9/11 Rememberance

9-11 Memorial and Celebration of our Present Day Heroes Thursday evening at Centennial Park in Anniston sponsored by ERA King Real Estate. Photo by Bill Wilson / The Anniston Star.

Year by year, the Sept. 11, 2001, terrorist attacks in the United States move closer to becoming historical events whose stories have been completely told. The Twin Towers fell. A U.S. Navy SEAL ended Osama bin Laden’s life. Documentaries about 9/11 flood our television sets every fall.

But 9/11 isn’t over. Roughly 14,000 U.S. military personnel remain in Afghanistan. Four Americans this year have died in what is now the nation’s longest war. And in New York City, experts believe the death toll from toxic exposure at the Twin Towers site will surpass the death toll (2,977) from the attacks themselves.

Those sobering details intensify Tuesday’s 17th memorial of the 9/11 attacks.

Earlier this week, USA Today catalogued the still-rising human toll of this horrific moment in American history. Nearly 10,000 first responders and others have been diagnosed with cancers related to exposure at the World Trade Center in lower Manhattan; 9/11 exposure illnesses are responsible for more than 2,000 deaths. The monthly increase in that number is why experts believe exposure deaths will surpass victims’ deaths, possibly by the end of this year.

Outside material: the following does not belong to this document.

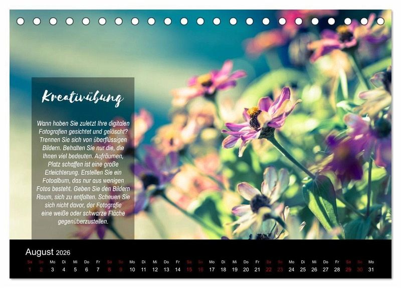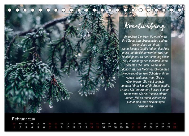 QUALITÄT - Hochwertiger Fotokalender mit 12 wunderschönen Motiven auf lichtbeständigem Bilderdruckpapier, robuste Spiralbindung.NACHHALTIG - deutliche Abfallreduzierung durch bedarfsgerechte Einzelstückfertigung, umweltfreundliches FSC-zertifiziertes Papier, Produktion in Deutschland, klimabewusste Logistik.PERFEKTES GESCHENK - Kalender für Freunde und Familie, für Kinder und Erwachsene, jung und alt, zu Weihnachten, Geburtstag oder zwischendurch.VIELFALT - Bildkalender in verschiedenen Formaten, z.B. DIN A5, DIN A4, DIN A3 sowie DIN A2. Ob Naturmotiv, Gemälde oder Fotos, ideal für ein persönliches Wohlfühlambiente.Traumhafte Naturfotos mit Foto- und Kreativübungen von Autor(in): Jana Mänz
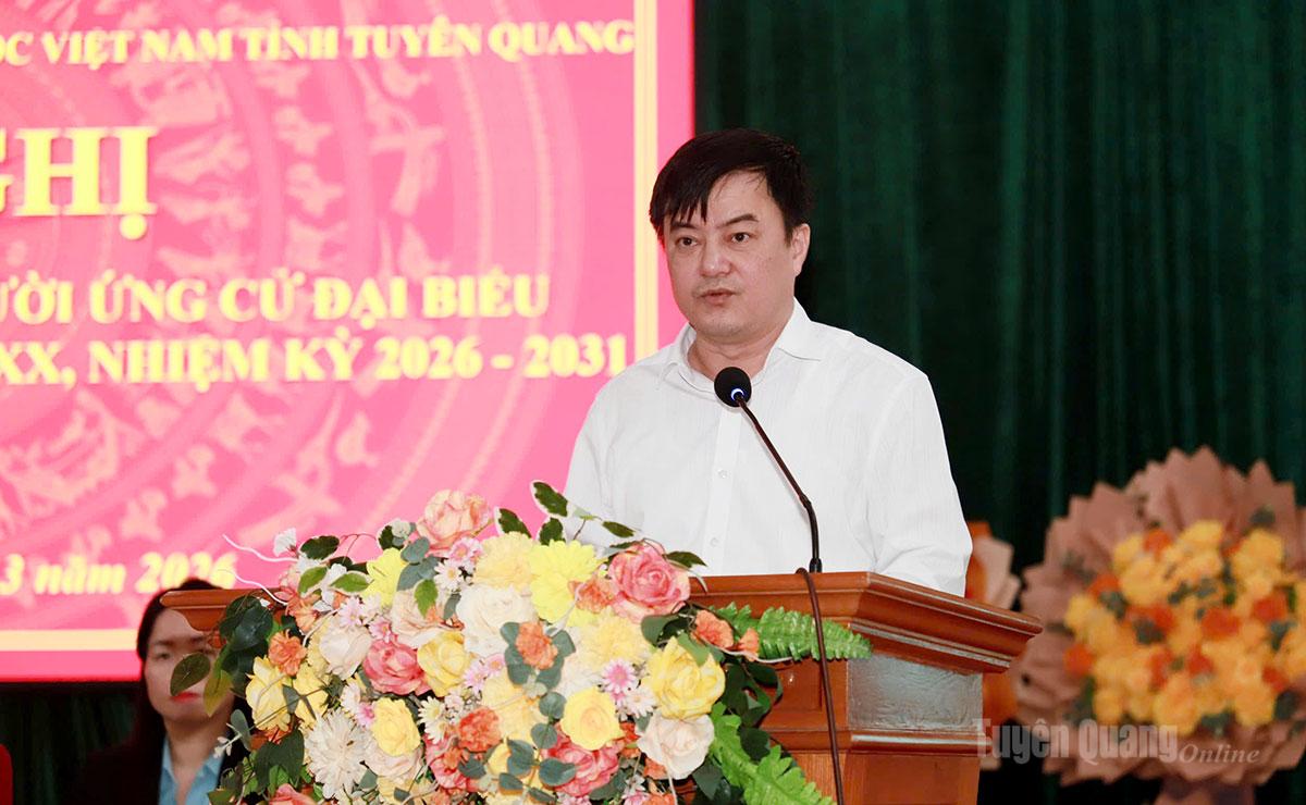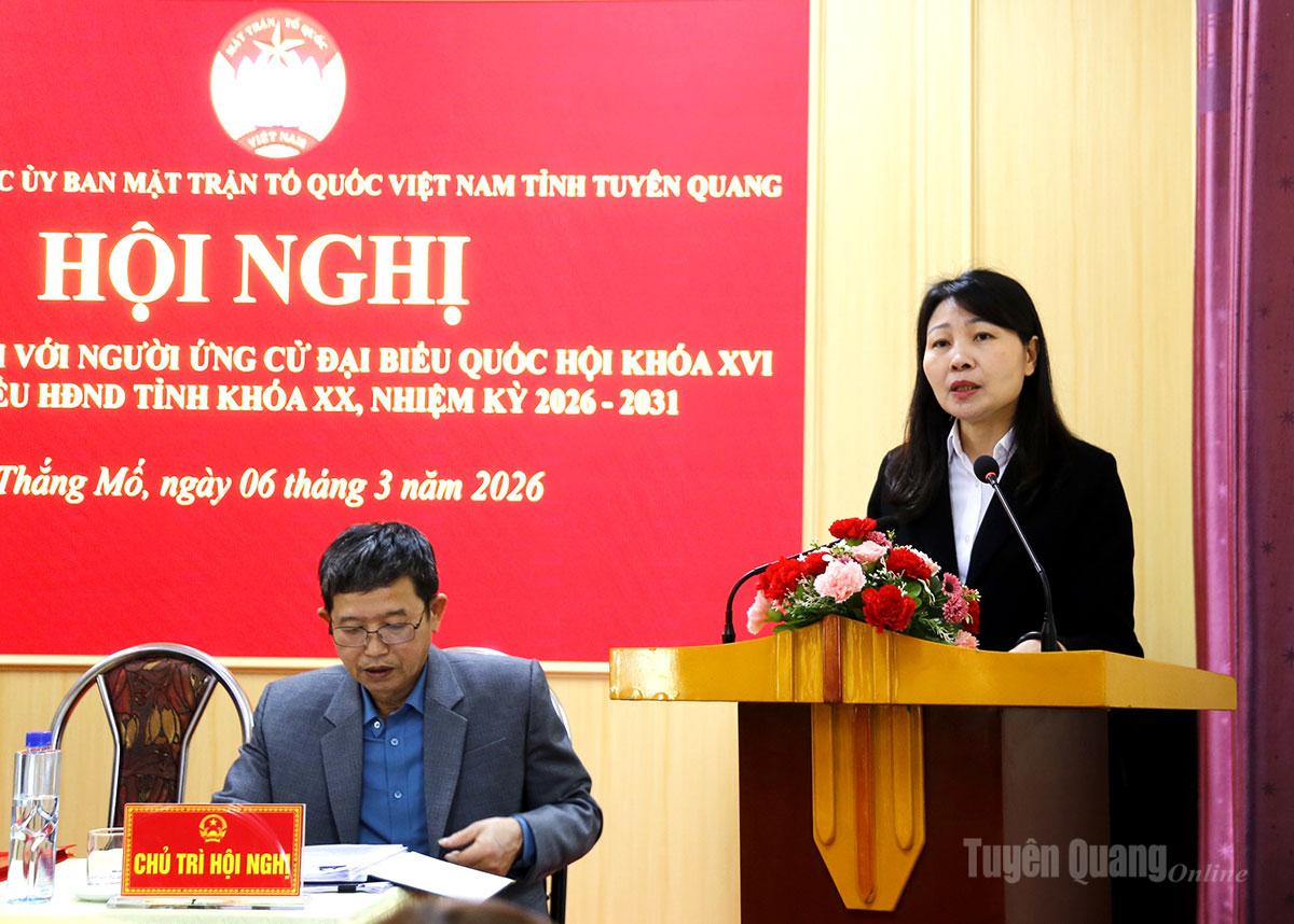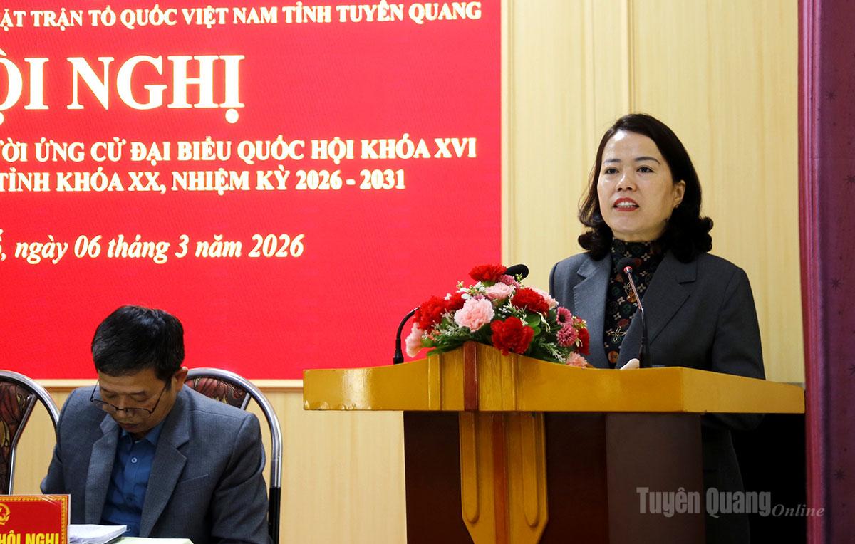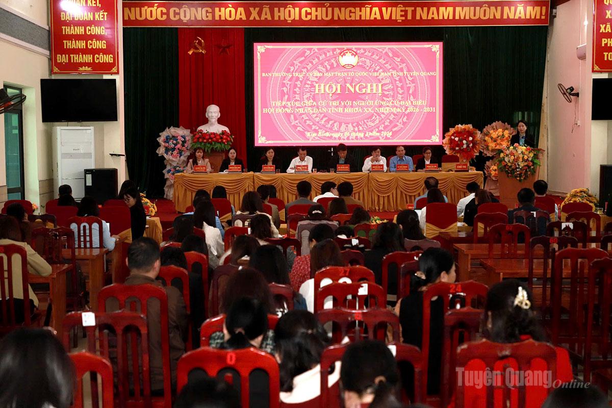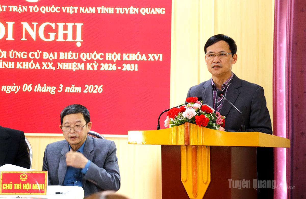 Tại hội nghị, đại diện Ban Thường trực Ủy ban MTTQ Việt Nam tỉnh thông qua tiểu sử tóm tắt của các ứng cử viên đại biểu HĐND tỉnh khóa XX, đơn vị bầu cử số 2 gồm 7 đồng chí: Âu Thị Mai, Ủy viên BCH Đảng bộ tỉnh, Phó Chủ tịch Ủy ban MTTQ Việt Nam tỉnh, Chủ tịch Hội LHPN tỉnh; Trần Thị Hà, Phó Trưởng ban Pháp chế, HĐND tỉnh; Hoàng Lê Huy, Phó Trưởng phòng Quy hoạch Đầu tư xây dựng, Văn phòng UBND tỉnh; Nguyễn Thị Hồng Xiêm, Phó Trưởng phòng Đô thị và Nhà ở, Sở Xây dựng tỉnh; Nguyễn Minh Anh Tuấn, Hiệu trưởng Trường Đại học Tân Trào; Nguyễn Thị Hải Yến, Bí thư Đoàn xã Hồng Sơn; Trần Thị Hải Yến, giáo viên Trường Mầm non Văn Phú, xã Hồng Sơn.

Twenty-three current or former members of the New York City Police Department died in 2017 from 9/11-related causes, the newspaper reported. The New York City Fire Department’s 9/11 illness death toll is nearly 180 in the last 17 years. The FBI says 15 agents have died from cancers caused by 9/11 exposure. Across all agencies, there has been 163 9/11-related deaths thus far this year.

In broad medical terms, what started more than a decade ago as respiratory ailments from breathing toxic dust and smoke has now become repeated diagnoses of cancer among first responders, experts say. USA Today wrote, “Some 90,000 people have reported exposure to toxic chemicals — asbestos, burning jet fuel, burning computer parts, pulverized concrete and myriad other substances. ‘No one has ever codified or captured all the stuff that was released from that pile,’ said Dr. Michael Crane of the World Trade Center Health Program Clinical Center of Excellence at Mount Sinai. ‘It’s an unknown exposure.’”

This is America’s ongoing war, with a still-rising death toll, both here and abroad, and an end date no one can predict. If you want perspective for Tuesday’s memorial services, there it is.